Please note that items on sale from Keyfood and C-Town are compared to the same items at the regular price at freshdirect.
It appears that the prices differences between Keyfood or Ctown are 70% of the regular prices at freshdirect and that a basket of 10 identical items at Keyfood and Ctown is similar in terms of price.
However, it was not possible to compare the full prices of the items available in the Keyfood or Ctown as the two brands would not disclose the data. After a few visits at Keyfood and CTown, it also appeared that the average price of the same item on sale and at the full price may be equivalent to the regular price at freshdirect (example: the price observed on the Tropicana Orange Juice (see presentation)).
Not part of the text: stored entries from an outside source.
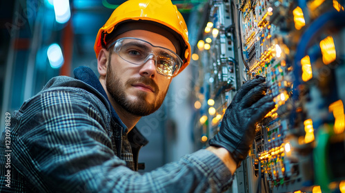electrical, engineer, control, panel, safety, helmet, glove, technology, industrial, maintenance, circuit, technician, energy, equipment, wire, machinery, professional, working, system, repair, innovation, hardware, workshop, cable, tool, goggles, environment, labor, power, installation, electronic, infrastructure, service, project, community, skilled, modern, design, industry, connection, automation, workspace, engineering, operation, performance, troubleshooting, efficiency, system, diagnostic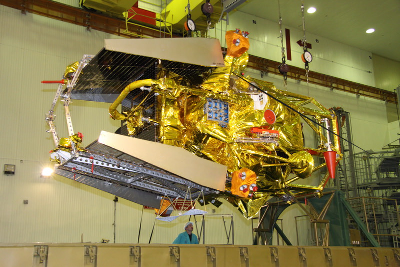 [caption id="attachment_90046" align="aligncenter" width="386" caption="Tilted view of Phobos-Grunt attached to test stand for final prelaunch processing. Credit: Roskosmos."]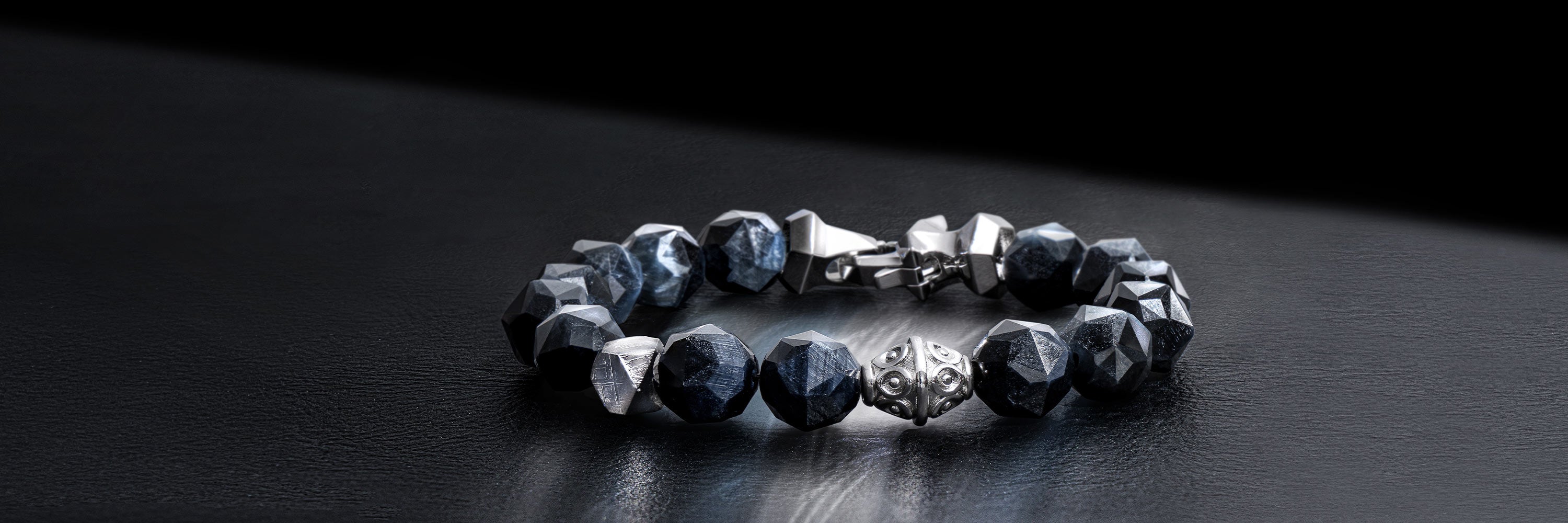 Explore AWNL's exquisite collection of meteorite bracelets, handcrafted from premium Swedish Muonionalusta meteorite, sterling silver, and potent gemstones.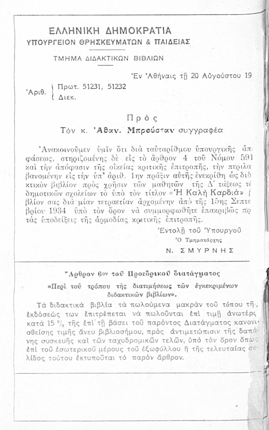 Εκδότης: Ιωάννης Δ. Κολλάρος Έτος έκδοσης: 1934 Τόπος έκδοσης: Αθήνα Έκδοση: 1η Υπουργική απόφαση / Σύμβαση: 51231/51232/20-8-1934 Έτος έγκρισης: 1934 |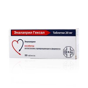 Показания к применениюАртериальная гипертензия (в т.ч. реноваскулярная), хроническая сердечная недостаточность (в составе комбинированной терапии).Применение при беременности и кормлении грудьюПротивопоказан.ПротивопоказанияАнгионевротический отек в анамнезе, двусторонний стеноз почечных артерий или стеноз почечной артерии единственной почки, гиперкалиемия, беременность, повышенная чувствительность к эналаприлу и другим ингибиторам АПФ.Побочное действиеСо стороны ЦНС и периферической нервной системы: головокружение, головная боль, чувство усталости, повышенная утомляемость; очень редко при применении в высоких дозах — расстройства сна, нервозность, депрессия, нарушение равновесия, парестезии, шум в ушах.Со стороны сердечно-сосудистой системы: ортостатическая гипотензия, обморок, сердцебиение, боли в области сердца; очень редко при применении в высоких дозах — приливы.Со стороны пищеварительной системы: тошнота; редко — сухость во рту, боли в животе, рвота, диарея, запор, нарушение функции печени, повышение активности печеночных трансаминаз, повышение концентрации билирубина в крови, гепатит, панкреатит; очень редко при применении в высоких дозах — глоссит.Со стороны системы кроветворения: редко — нейтропения; у пациентов с аутоиммунными заболеваниями — агранулоцитоз.Со стороны мочевыделительной системы: редко — нарушения функции почек, протеинурия.Со стороны дыхательной системы: сухой кашель.Со стороны репродуктивной системы: очень редко при применении в высоких дозах — импотенция.Дерматологические реакции: очень редко при применении в высоких дозах — выпадение волос.Аллергические реакции: редко — кожная сыпь, отек Квинке.Прочие: редко — гиперкалиемия, мышечные судороги.СоставДействующее вещество: Эналаприла малеатКонцентрация действующего вещества (мг): 20Взаимодействие с другими препаратамиПри одновременном применении с иммунодепрессантами, цитостатиками повышается риск развития лейкопении.При одновременном применении калийсберегающих диуретиков (в т.ч. спиронолактона, триамтерена, амилорида), препаратов калия, заменителей соли и БАД к пище, содержащих калий, возможно развитие гиперкалиемии (особенно у пациентов с нарушениями функции почек), т.к. ингибиторы АПФ уменьшают содержание альдостерона, что приводит к задержке калия в организме на фоне ограничения выведения калия или его дополнительного поступления в организм.При одновременном применении опиоидных анальгетиков и средств для наркоза усиливается антигипертензивное действие эналаприла.При одновременном применении петлевых диуретиков, тиазидных диуретиков усиливается антигипертензивное действие. Имеется риск развития гипокалиемии. Повышение риска нарушения функции почек.При одновременном применении с азатиоприном возможно развитие анемии, что обусловлено угнетением активности эритропоэтина под влиянием ингибиторов АПФ и азатиоприна.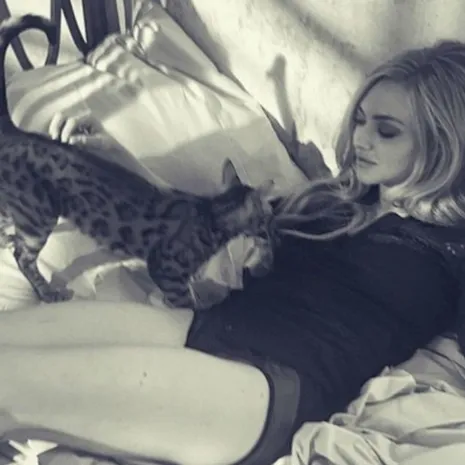 Celebrity cats. Gisteren was het International Cat Day en dat vierden onze favoriete celebs uiteraard door een kiekje van hun huisdier op Instagram te plaatsen. Maar wat wij nog leuker vinden, zijn foto's waar de celebs zelf opstaan. Mét kat natuurlijk. Love it.
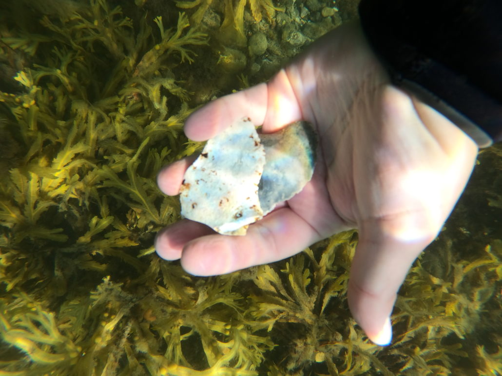 Her går jagten for alvor ind, for nærmest samtlige sten kunne ligne dem fra madkassen. En sten halvanden meter under mig ser særligt interessant ud – den er lys med små pletter af brune alger, men er helt glat på den ene side med en svag bule i toppen, og den anden side har tydelige facetter. Jeg vender bunden i vejet og griber stenen. På vej over mod Poul og den lille gummibåd viser der sig flere kandidater med lignende kendetegn, som jeg samler op.
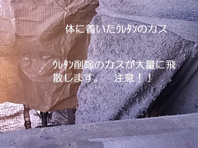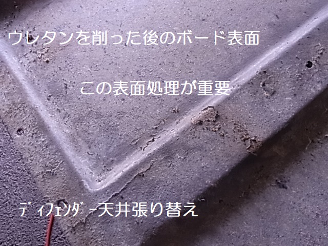 経年劣化の天井とは違い新しい天井ウレタンは色々な道具を駆使して削り落とします、又削り落とした後の処理も大変な作業です。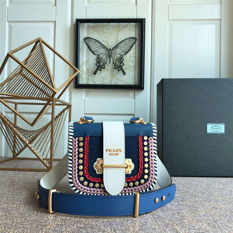 當前位置: 首頁>Prada|普拉達>Prada女包> lBD0741 Prada 手工編織 進口牛皮 鉚釘裝飾 普拉達肩包 藍色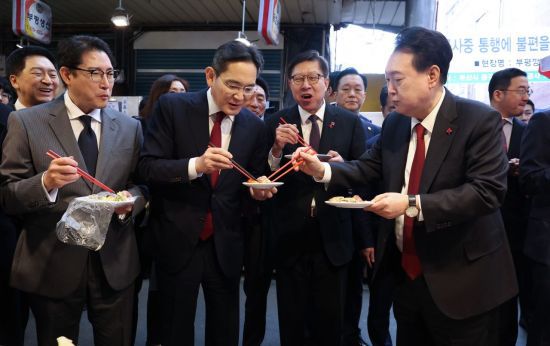 尹 지난 6일 재계 총수들과 깡통시장 방문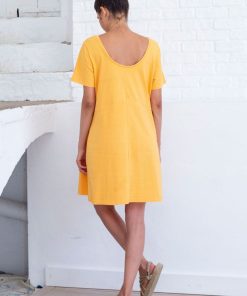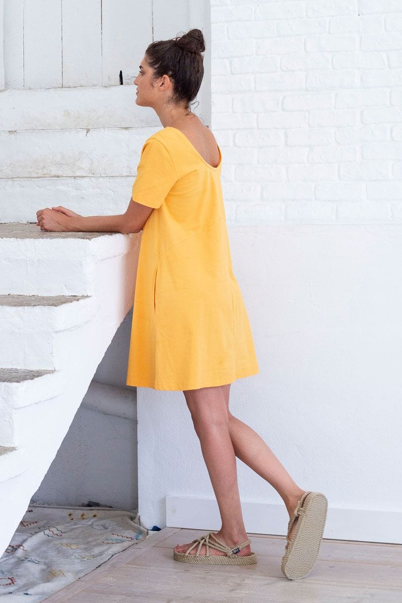 El vestido corto amarillo está diseñado en España y hecho en India de forma ética.

This would need to be confirmed by more observations.
The data are also showing the two coincidences mentioned in the introduction:
1. There is a curious coordination in terms of items on sale between the different supermaket brands and some similarities in term of prices and period of sales: the period of sales are similar and the data are showing similar prices on similar items.
2. Some heavily discounted such as the Tropicana Orange Juice in the standard size (59oz) and all the organic milk brands are never on sale at the same time: it was the case during the week of the web scraping.
Finally, the data raised the question about the margins on the different products by the different brands, their advertisement practices and their inter-dependence in term of prices.
It is disappointing to find only 10 to 20 exact matches between the three brands but a better coding algorithm than the excel vlookup may provide more matching.
It may be interesting to study the prices by zip code for the different brands.
the fresh direct website contains all the information about nutrition, so it would be possible to analyse the grocery item prices versus their nutriments.